COLLECTED MATERIAL:

######

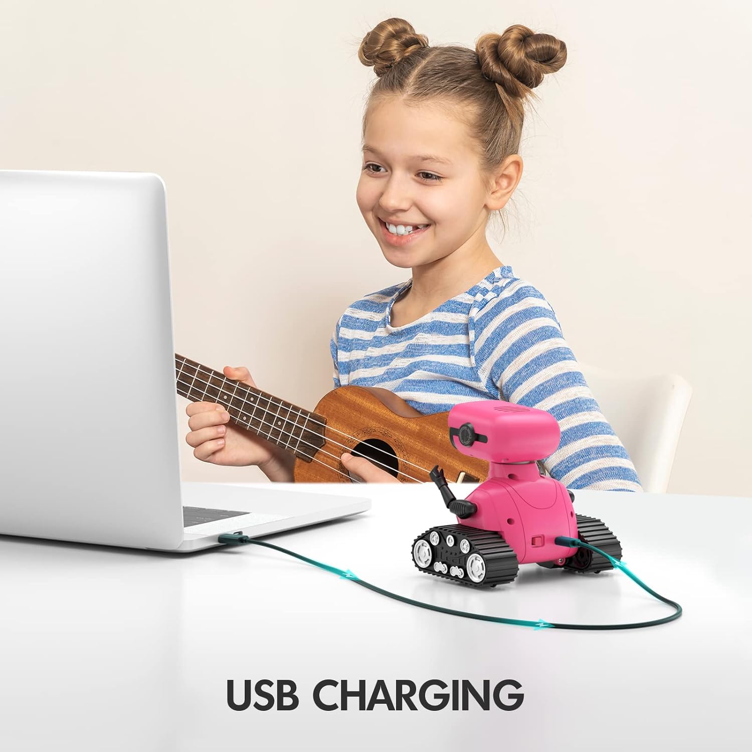 ALLCELE Robot Toys, Rechargeable RC Robots for Kids Boys, Remote Control Toy with Music and LED Eyes, Gift for Children Age 3 Years and Up - Rose Red
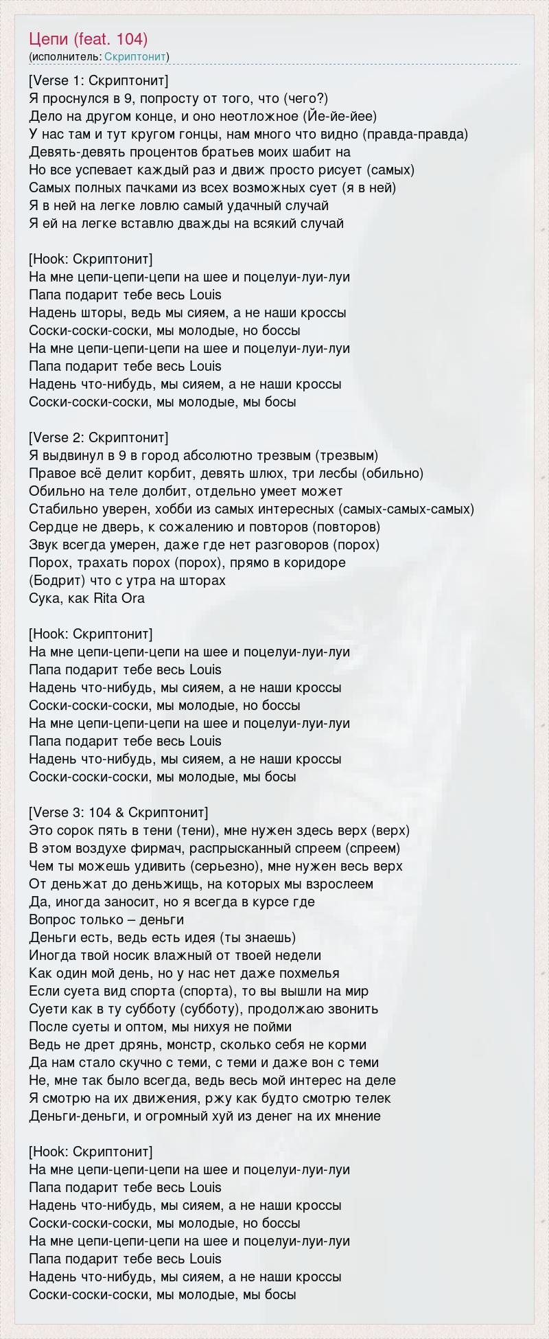 [Verse 1: Скриптонит] Я проснулся в 9, попросту от того, что (чего?) Дело на другом конце, и оно неотложное (Йе-йе-йее) У нас там и тут кругом гонцы, нам много что видно (правда-правда) Девять-девять процентов братьев моих шабит на Но все успевает каждый раз и движ просто рисует (самых) Самых полных пачками из всех возможных сует (я в ней) Я в ней на легке ловлю самый удачный случай Я ей на легке вставлю дважды на всякий случай [Hook: Скриптонит] На мне цепи-цепи-цепи на шее и поцелуи-луи-луи Папа подарит тебе весь Louis Надень шторы, ведь мы сияем, а не наши кроссы Соски-соски-соски, мы молодые, но боссы На мне цепи-цепи-цепи на шее и поцелуи-луи-луи Папа подарит тебе весь Louis Надень что-нибудь, мы сияем, а не наши кроссы Соски-соски-соски, мы молодые, мы босы [Verse 2: Скриптонит] Я выдвинул в 9 в город абсолютно трезвым (трезвым) Правое всё делит корбит, девять шлюх, три лесбы (обильно) Обильно на теле долбит, отдельно умеет может Стабильно уверен, хобби из самых интересных (самых-самых-самых) Сердце не дверь, к сожалению и повторов (повторов) Звук всегда умерен, даже где нет разговоров (порох) Порох, трахать порох (порох), прямо в коридоре (Бодрит) что с утра на шторах Сука, как Rita Ora [Hook: Скриптонит] На мне цепи-цепи-цепи на шее и поцелуи-луи-луи Папа подарит тебе весь Louis Надень что-нибудь, мы сияем, а не наши кроссы Соски-соски-соски, мы молодые, но боссы На мне цепи-цепи-цепи на шее и поцелуи-луи-луи Папа подарит тебе весь Louis Надень что-нибудь, мы сияем, а не наши кроссы Соски-соски-соски, мы молодые, мы босы [Verse 3: 104 & Скриптонит] Это сорок пять в тени (тени), мне нужен здесь верх (верх) В этом воздухе фирмач, распрысканный спреем (спреем) Чем ты можешь удивить (серьезно), мне нужен весь верх От деньжат до деньжищь, на которых мы взрослеем Да, иногда заносит, но я всегда в курсе где Вопрос только – деньги Деньги есть, ведь есть идея (ты знаешь) Иногда твой носик влажный от твоей недели Как один мой день, но у нас нет даже похмелья Если суета вид спорта (спорта), то вы вышли на мир Суети как в ту субботу (субботу), продолжаю звонить После суеты и оптом, мы нихуя не пойми Ведь не дрет дрянь, монстр, сколько себя не корми Да нам стало скучно с теми, с теми и даже вон с теми Не, мне так было всегда, ведь весь мой интерес на деле Я смотрю на их движения, ржу как будто смотрю телек Деньги-деньги, и огромный хуй из денег на их мнение [Hook: Скриптонит] На мне цепи-цепи-цепи на шее и поцелуи-луи-луи Папа подарит тебе весь Louis Надень что-нибудь, мы сияем, а не наши кроссы Соски-соски-соски, мы молодые, но боссы На мне цепи-цепи-цепи на шее и поцелуи-луи-луи Папа подарит тебе весь Louis Надень что-нибудь, мы сияем, а не наши кроссы Соски-соски-соски, мы молодые, мы босы
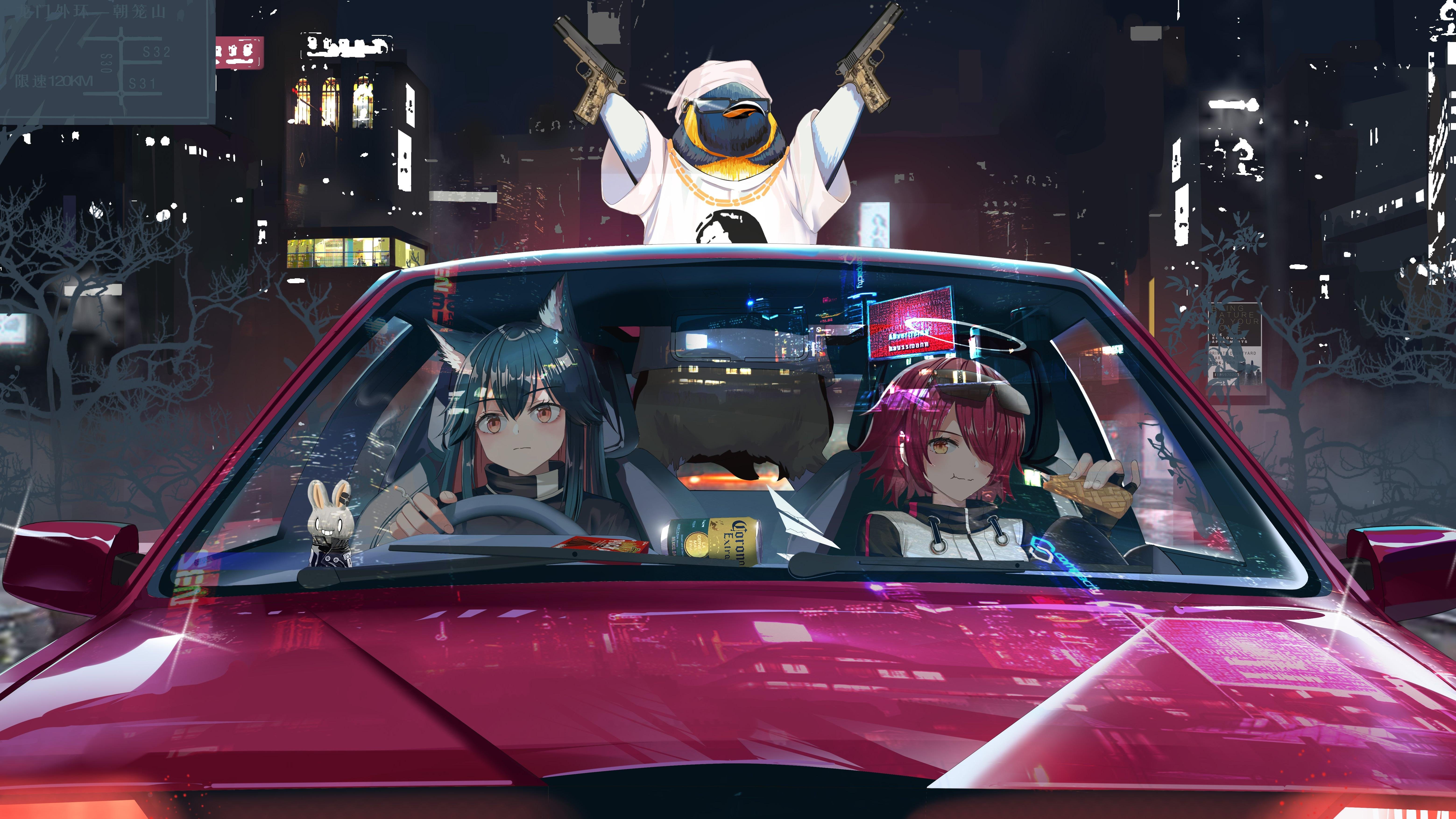 Arknights, Exusiai (Arknights), Texas (Arknights), Animal Ears, Car 5K Desktop Wallpaper

######

WHAT YOU WILL DO: Return each line above exactly; any pictures are to be skipped.

EXERCISE RESPONSE:
 ALLCELE Robot Toys, Rechargeable RC Robots for Kids Boys, Remote Control Toy with Music and LED Eyes, Gift for Children Age 3 Years and Up - Rose Red
 [Verse 1: Скриптонит] Я проснулся в 9, попросту от того, что (чего?) Дело на другом конце, и оно неотложное (Йе-йе-йее) У нас там и тут кругом гонцы, нам много что видно (правда-правда) Девять-девять процентов братьев моих шабит на Но все успевает каждый раз и движ просто рисует (самых) Самых полных пачками из всех возможных сует (я в ней) Я в ней на легке ловлю самый удачный случай Я ей на легке вставлю дважды на всякий случай [Hook: Скриптонит] На мне цепи-цепи-цепи на шее и поцелуи-луи-луи Папа подарит тебе весь Louis Надень шторы, ведь мы сияем, а не наши кроссы Соски-соски-соски, мы молодые, но боссы На мне цепи-цепи-цепи на шее и поцелуи-луи-луи Папа подарит тебе весь Louis Надень что-нибудь, мы сияем, а не наши кроссы Соски-соски-соски, мы молодые, мы босы [Verse 2: Скриптонит] Я выдвинул в 9 в город абсолютно трезвым (трезвым) Правое всё делит корбит, девять шлюх, три лесбы (обильно) Обильно на теле долбит, отдельно умеет может Стабильно уверен, хобби из самых интересных (самых-самых-самых) Сердце не дверь, к сожалению и повторов (повторов) Звук всегда умерен, даже где нет разговоров (порох) Порох, трахать порох (порох), прямо в коридоре (Бодрит) что с утра на шторах Сука, как Rita Ora [Hook: Скриптонит] На мне цепи-цепи-цепи на шее и поцелуи-луи-луи Папа подарит тебе весь Louis Надень что-нибудь, мы сияем, а не наши кроссы Соски-соски-соски, мы молодые, но боссы На мне цепи-цепи-цепи на шее и поцелуи-луи-луи Папа подарит тебе весь Louis Надень что-нибудь, мы сияем, а не наши кроссы Соски-соски-соски, мы молодые, мы босы [Verse 3: 104 & Скриптонит] Это сорок пять в тени (тени), мне нужен здесь верх (верх) В этом воздухе фирмач, распрысканный спреем (спреем) Чем ты можешь удивить (серьезно), мне нужен весь верх От деньжат до деньжищь, на которых мы взрослеем Да, иногда заносит, но я всегда в курсе где Вопрос только – деньги Деньги есть, ведь есть идея (ты знаешь) Иногда твой носик влажный от твоей недели Как один мой день, но у нас нет даже похмелья Если суета вид спорта (спорта), то вы вышли на мир Суети как в ту субботу (субботу), продолжаю звонить После суеты и оптом, мы нихуя не пойми Ведь не дрет дрянь, монстр, сколько себя не корми Да нам стало скучно с теми, с теми и даже вон с теми Не, мне так было всегда, ведь весь мой интерес на деле Я смотрю на их движения, ржу как будто смотрю телек Деньги-деньги, и огромный хуй из денег на их мнение [Hook: Скриптонит] На мне цепи-цепи-цепи на шее и поцелуи-луи-луи Папа подарит тебе весь Louis Надень что-нибудь, мы сияем, а не наши кроссы Соски-соски-соски, мы молодые, но боссы На мне цепи-цепи-цепи на шее и поцелуи-луи-луи Папа подарит тебе весь Louis Надень что-нибудь, мы сияем, а не наши кроссы Соски-соски-соски, мы молодые, мы босы
 Arknights, Exusiai (Arknights), Texas (Arknights), Animal Ears, Car 5K Desktop Wallpaper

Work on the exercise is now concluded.